Check every line below for the string "Nationalstrasse", and copy the lines that contain it.

*** Material for the task Section Begins ***

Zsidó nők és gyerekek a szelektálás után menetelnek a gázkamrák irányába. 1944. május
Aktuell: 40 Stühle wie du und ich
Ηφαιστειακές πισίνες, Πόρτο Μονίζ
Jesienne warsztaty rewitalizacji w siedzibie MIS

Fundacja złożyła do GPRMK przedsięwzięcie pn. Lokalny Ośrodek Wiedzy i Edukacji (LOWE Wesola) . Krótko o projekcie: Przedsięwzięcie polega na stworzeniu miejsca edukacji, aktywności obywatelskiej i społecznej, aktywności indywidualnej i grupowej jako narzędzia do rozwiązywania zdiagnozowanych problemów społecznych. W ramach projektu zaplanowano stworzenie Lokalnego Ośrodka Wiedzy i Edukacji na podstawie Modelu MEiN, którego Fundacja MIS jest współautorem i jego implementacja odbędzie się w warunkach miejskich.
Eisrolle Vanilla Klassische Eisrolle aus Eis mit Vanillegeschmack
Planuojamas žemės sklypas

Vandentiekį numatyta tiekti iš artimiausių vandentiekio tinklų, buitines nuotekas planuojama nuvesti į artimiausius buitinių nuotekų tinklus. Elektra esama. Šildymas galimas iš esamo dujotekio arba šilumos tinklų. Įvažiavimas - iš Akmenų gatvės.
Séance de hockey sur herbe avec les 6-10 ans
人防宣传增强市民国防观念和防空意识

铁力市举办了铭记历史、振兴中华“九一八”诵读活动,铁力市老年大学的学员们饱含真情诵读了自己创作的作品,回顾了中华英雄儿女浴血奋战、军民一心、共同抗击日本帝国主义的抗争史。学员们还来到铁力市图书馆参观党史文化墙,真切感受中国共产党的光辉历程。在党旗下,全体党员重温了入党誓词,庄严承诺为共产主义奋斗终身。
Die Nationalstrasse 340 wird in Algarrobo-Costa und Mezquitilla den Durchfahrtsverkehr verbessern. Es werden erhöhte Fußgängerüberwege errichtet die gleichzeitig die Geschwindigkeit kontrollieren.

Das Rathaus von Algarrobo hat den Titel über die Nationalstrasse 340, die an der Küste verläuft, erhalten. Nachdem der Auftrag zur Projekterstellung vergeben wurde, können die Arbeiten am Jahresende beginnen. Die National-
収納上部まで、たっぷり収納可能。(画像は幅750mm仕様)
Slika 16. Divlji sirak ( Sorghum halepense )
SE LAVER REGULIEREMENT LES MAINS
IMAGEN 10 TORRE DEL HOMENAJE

*** Material for the task Section Ends ***

Response →
Die Nationalstrasse 340 wird in Algarrobo-Costa und Mezquitilla den Durchfahrtsverkehr verbessern. Es werden erhöhte Fußgängerüberwege errichtet die gleichzeitig die Geschwindigkeit kontrollieren.
Das Rathaus von Algarrobo hat den Titel über die Nationalstrasse 340, die an der Küste verläuft, erhalten. Nachdem der Auftrag zur Projekterstellung vergeben wurde, können die Arbeiten am Jahresende beginnen. Die National-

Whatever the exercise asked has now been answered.